Dataset records:
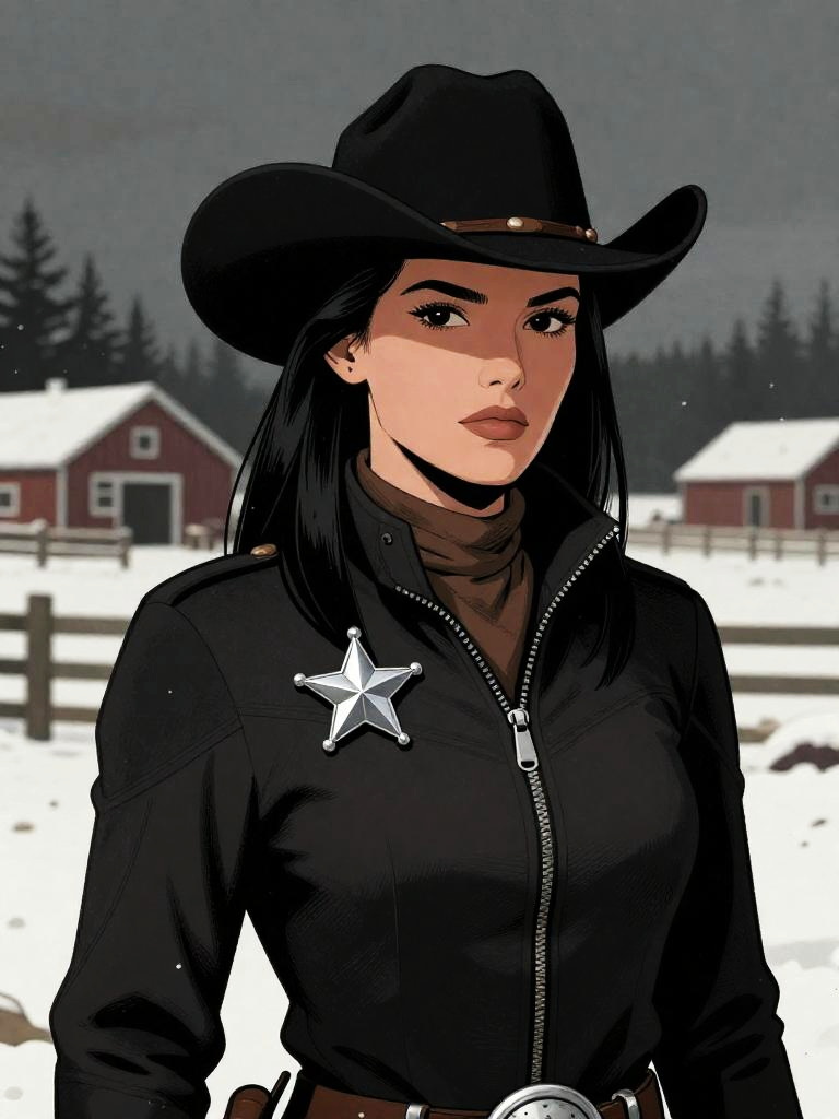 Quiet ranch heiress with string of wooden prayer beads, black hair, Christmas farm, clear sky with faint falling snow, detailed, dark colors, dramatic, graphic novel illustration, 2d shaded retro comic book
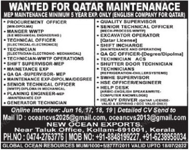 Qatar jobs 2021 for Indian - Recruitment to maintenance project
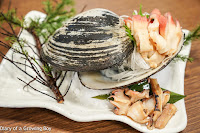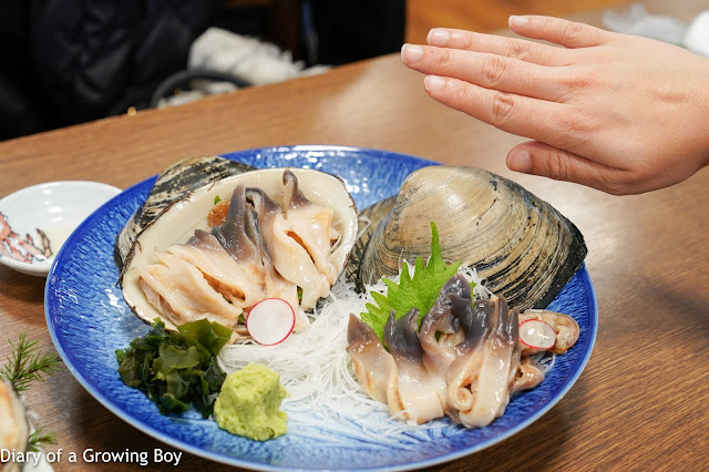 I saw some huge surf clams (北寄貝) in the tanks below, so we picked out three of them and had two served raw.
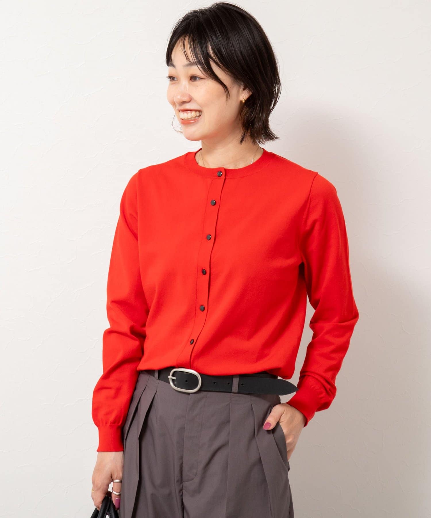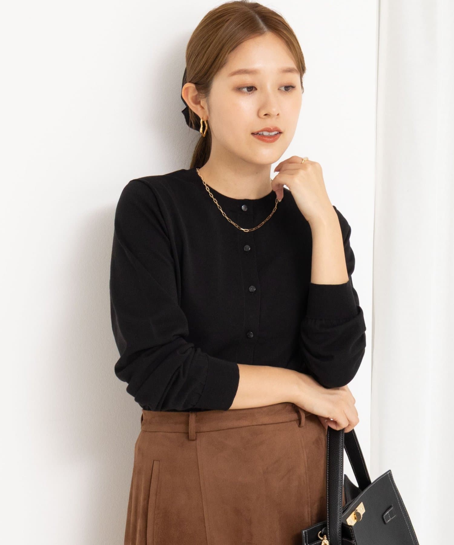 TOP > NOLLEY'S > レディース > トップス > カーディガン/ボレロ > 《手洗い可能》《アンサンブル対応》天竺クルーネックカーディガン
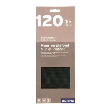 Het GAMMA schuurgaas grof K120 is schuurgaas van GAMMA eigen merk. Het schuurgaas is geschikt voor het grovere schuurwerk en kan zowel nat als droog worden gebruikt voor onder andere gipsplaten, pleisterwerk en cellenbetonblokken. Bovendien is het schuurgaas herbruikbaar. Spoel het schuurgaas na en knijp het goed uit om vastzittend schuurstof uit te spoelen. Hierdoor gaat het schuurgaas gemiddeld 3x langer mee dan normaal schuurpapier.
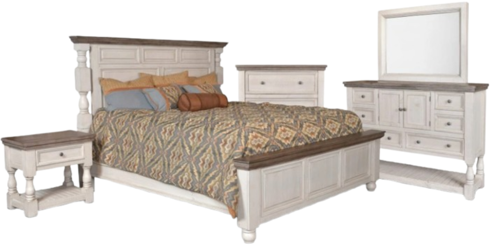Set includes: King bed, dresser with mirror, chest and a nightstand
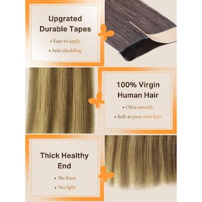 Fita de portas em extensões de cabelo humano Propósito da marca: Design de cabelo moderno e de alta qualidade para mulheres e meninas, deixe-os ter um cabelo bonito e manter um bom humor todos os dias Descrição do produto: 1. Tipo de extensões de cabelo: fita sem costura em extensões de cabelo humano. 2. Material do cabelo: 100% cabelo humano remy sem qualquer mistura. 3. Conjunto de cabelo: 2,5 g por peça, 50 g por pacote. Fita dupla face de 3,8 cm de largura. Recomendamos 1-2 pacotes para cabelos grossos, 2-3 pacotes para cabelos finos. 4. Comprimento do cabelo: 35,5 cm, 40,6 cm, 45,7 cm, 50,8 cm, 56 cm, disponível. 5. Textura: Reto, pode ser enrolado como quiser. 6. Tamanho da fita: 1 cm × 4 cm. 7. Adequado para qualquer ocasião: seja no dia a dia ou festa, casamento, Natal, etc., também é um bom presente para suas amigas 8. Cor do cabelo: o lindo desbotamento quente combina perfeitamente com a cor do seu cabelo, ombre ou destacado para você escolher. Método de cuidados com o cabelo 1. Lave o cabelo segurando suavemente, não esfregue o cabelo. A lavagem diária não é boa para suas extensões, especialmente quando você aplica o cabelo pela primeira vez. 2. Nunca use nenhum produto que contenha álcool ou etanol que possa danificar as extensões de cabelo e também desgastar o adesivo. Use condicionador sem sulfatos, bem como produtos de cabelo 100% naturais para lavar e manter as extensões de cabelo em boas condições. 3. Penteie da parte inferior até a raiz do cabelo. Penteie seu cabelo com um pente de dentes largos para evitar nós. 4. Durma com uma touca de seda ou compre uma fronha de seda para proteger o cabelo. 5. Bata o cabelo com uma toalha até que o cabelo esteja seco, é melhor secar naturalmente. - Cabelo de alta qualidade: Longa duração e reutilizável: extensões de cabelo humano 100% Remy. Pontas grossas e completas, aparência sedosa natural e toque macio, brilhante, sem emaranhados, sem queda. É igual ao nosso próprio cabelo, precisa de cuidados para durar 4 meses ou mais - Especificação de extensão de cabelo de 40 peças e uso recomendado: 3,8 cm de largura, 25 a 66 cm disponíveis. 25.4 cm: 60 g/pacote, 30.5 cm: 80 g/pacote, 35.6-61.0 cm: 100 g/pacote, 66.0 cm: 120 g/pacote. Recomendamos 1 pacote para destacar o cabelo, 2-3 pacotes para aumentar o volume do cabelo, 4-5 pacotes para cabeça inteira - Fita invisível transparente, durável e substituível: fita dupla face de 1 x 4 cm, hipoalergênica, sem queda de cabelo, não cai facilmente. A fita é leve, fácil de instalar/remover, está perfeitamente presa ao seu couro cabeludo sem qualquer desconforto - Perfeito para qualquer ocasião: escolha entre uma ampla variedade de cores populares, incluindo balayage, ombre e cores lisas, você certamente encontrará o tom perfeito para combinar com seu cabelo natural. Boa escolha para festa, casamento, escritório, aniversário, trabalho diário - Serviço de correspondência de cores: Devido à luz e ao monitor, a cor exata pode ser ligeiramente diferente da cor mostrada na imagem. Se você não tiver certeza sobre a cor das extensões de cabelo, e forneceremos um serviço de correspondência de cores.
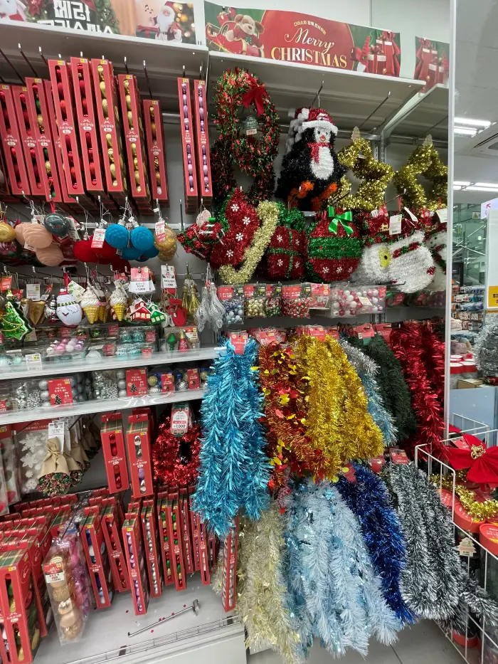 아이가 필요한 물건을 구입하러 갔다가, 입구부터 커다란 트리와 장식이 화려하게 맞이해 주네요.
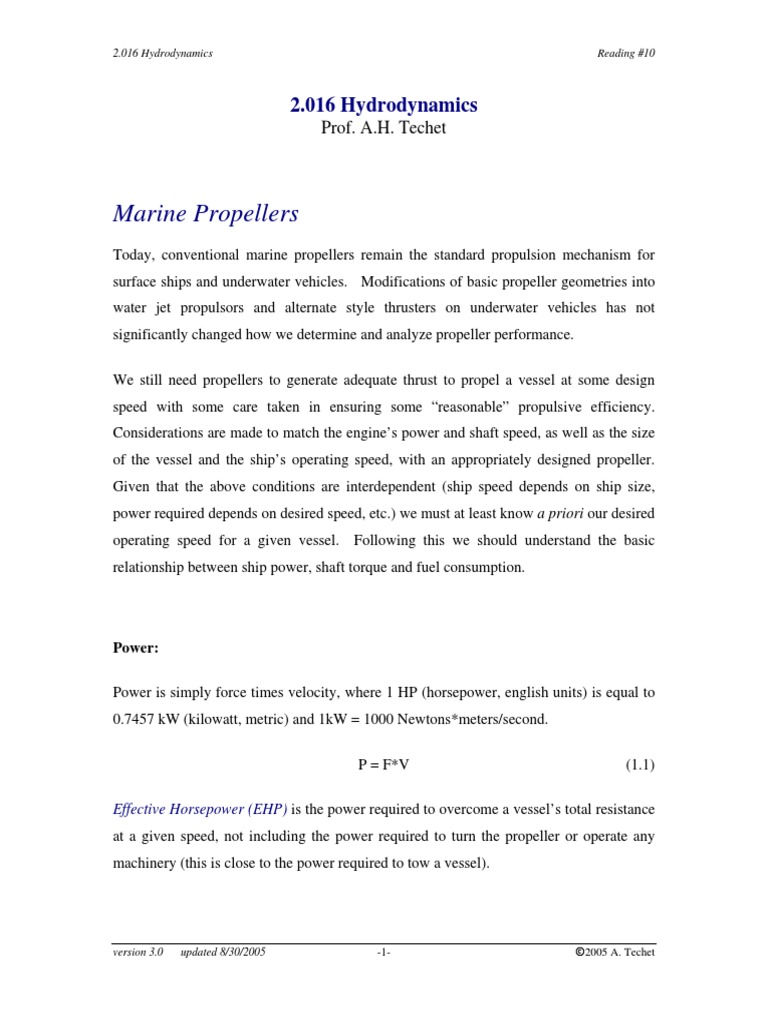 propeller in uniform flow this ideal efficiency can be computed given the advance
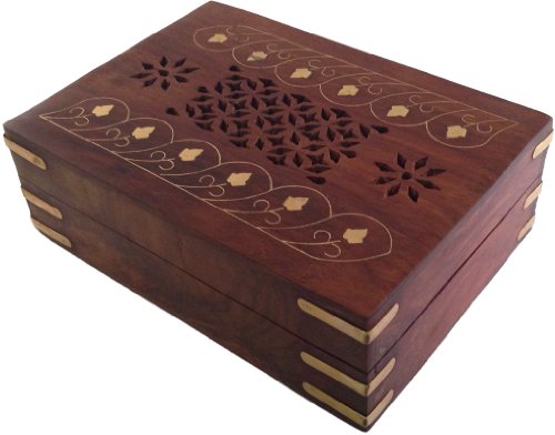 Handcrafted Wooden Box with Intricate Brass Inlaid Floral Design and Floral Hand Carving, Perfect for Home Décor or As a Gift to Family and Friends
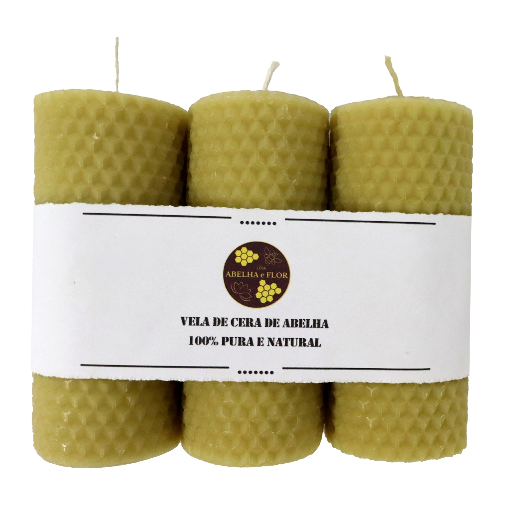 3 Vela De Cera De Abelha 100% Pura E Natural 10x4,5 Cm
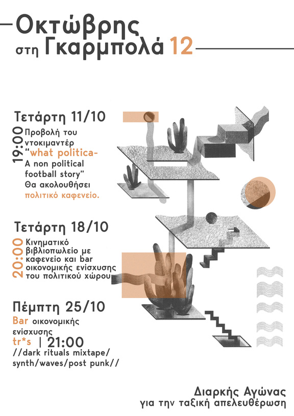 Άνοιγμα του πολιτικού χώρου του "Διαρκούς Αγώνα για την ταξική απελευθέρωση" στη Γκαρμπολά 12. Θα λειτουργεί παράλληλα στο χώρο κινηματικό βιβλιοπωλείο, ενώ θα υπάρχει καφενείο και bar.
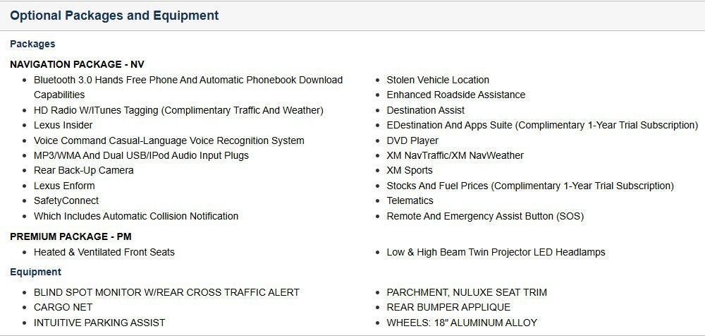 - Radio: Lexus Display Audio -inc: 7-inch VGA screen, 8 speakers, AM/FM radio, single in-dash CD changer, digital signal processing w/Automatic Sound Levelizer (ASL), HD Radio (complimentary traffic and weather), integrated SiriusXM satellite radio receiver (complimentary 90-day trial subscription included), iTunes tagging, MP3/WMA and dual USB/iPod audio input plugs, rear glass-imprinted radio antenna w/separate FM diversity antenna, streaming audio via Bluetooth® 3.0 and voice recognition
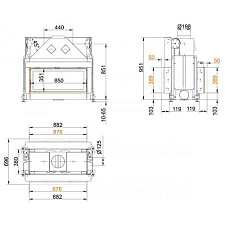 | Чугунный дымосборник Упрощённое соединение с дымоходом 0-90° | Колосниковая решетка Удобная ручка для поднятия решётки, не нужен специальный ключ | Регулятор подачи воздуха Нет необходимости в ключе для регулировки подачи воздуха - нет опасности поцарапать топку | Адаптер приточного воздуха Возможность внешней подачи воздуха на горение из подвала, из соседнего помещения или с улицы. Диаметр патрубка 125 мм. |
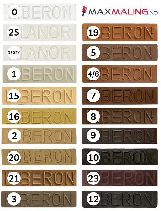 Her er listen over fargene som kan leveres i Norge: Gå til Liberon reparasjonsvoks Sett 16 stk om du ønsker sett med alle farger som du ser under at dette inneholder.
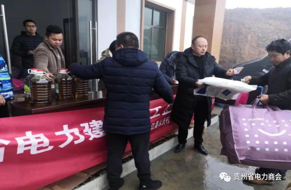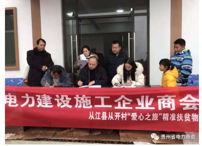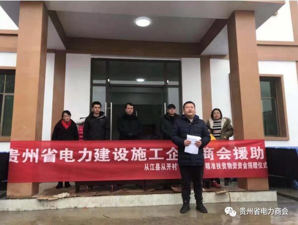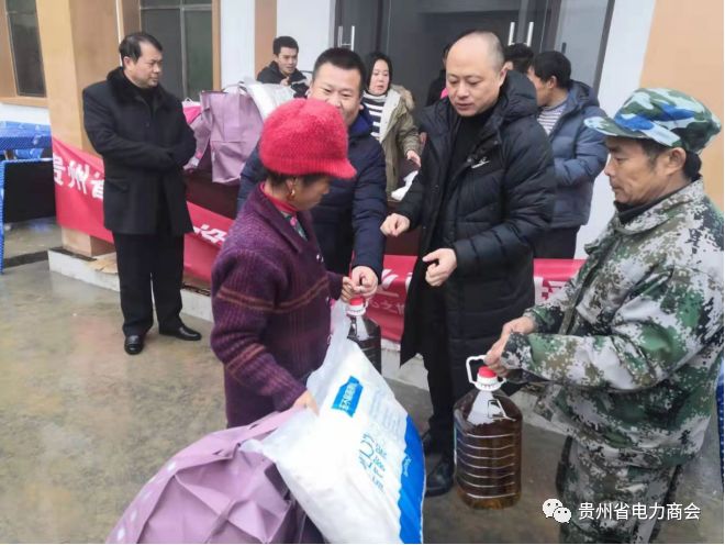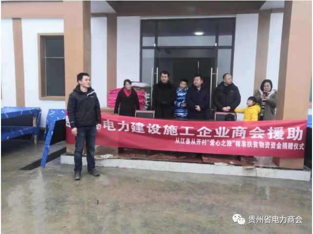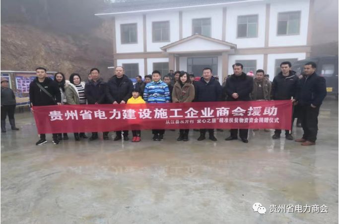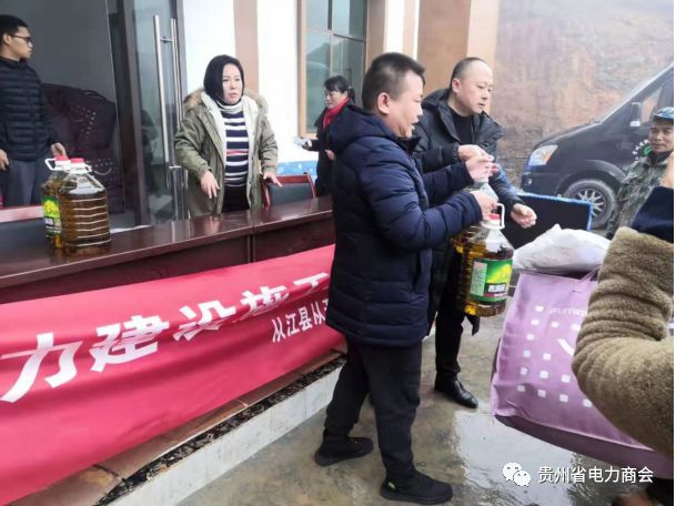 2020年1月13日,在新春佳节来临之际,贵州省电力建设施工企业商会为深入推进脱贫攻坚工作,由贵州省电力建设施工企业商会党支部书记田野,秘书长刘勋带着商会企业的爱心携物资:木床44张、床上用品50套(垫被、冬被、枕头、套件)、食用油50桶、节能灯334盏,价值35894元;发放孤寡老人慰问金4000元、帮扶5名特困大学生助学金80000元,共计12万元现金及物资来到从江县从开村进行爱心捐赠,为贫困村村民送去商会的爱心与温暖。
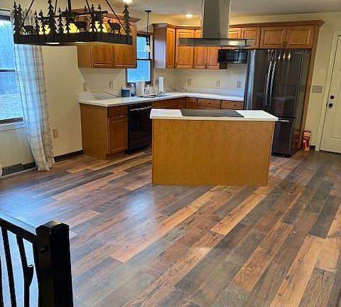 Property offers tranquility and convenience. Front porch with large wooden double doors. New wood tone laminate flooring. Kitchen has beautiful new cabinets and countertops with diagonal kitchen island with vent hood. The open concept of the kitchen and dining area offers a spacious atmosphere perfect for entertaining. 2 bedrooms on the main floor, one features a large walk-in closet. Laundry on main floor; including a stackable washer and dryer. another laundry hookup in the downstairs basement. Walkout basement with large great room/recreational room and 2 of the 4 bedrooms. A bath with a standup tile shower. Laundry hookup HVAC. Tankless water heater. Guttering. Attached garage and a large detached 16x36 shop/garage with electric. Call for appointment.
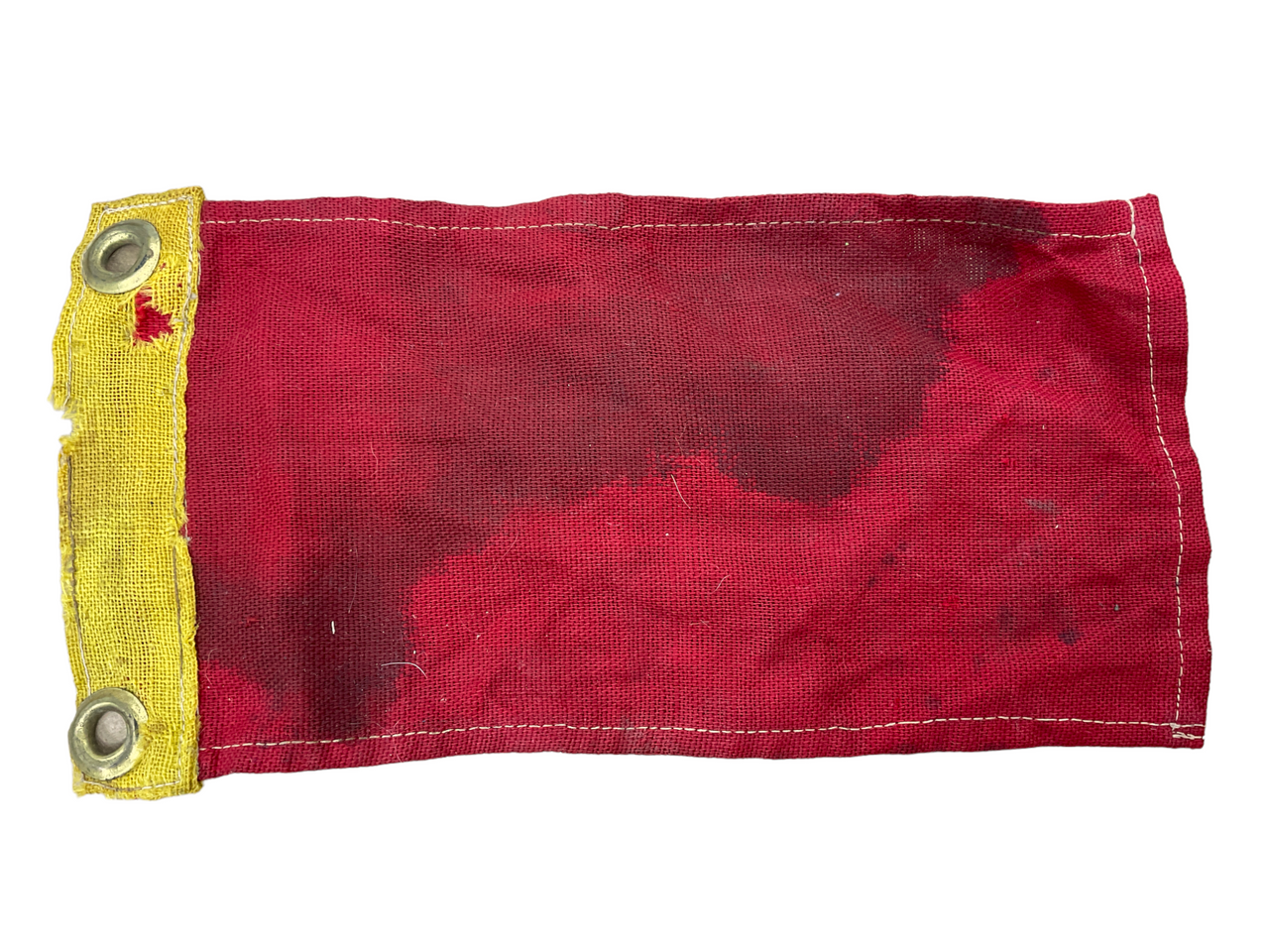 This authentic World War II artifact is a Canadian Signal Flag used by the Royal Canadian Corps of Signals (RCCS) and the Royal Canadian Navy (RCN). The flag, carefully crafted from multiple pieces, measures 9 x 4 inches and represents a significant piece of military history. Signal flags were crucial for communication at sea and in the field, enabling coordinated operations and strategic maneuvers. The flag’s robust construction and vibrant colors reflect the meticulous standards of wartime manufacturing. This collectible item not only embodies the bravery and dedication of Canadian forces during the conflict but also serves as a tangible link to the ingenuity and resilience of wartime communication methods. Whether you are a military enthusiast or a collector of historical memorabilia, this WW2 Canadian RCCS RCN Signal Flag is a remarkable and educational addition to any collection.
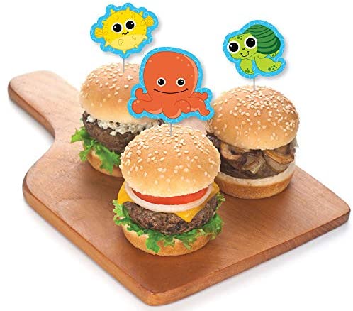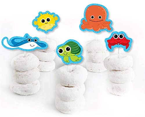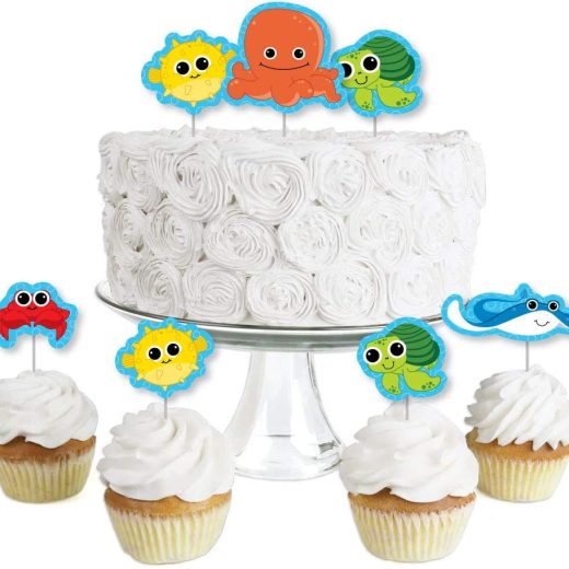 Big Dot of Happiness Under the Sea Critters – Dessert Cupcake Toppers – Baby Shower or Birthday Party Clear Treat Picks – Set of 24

What you are asked to do:
Look above for the line with "3 Vela De Cera" and the line with "Άνοιγμα του πολιτικού", then restate exactly those two lines and all lines between them, with no pictures.

Answer to the exercise:
 3 Vela De Cera De Abelha 100% Pura E Natural 10x4,5 Cm
 Άνοιγμα του πολιτικού χώρου του "Διαρκούς Αγώνα για την ταξική απελευθέρωση" στη Γκαρμπολά 12. Θα λειτουργεί παράλληλα στο χώρο κινηματικό βιβλιοπωλείο, ενώ θα υπάρχει καφενείο και bar.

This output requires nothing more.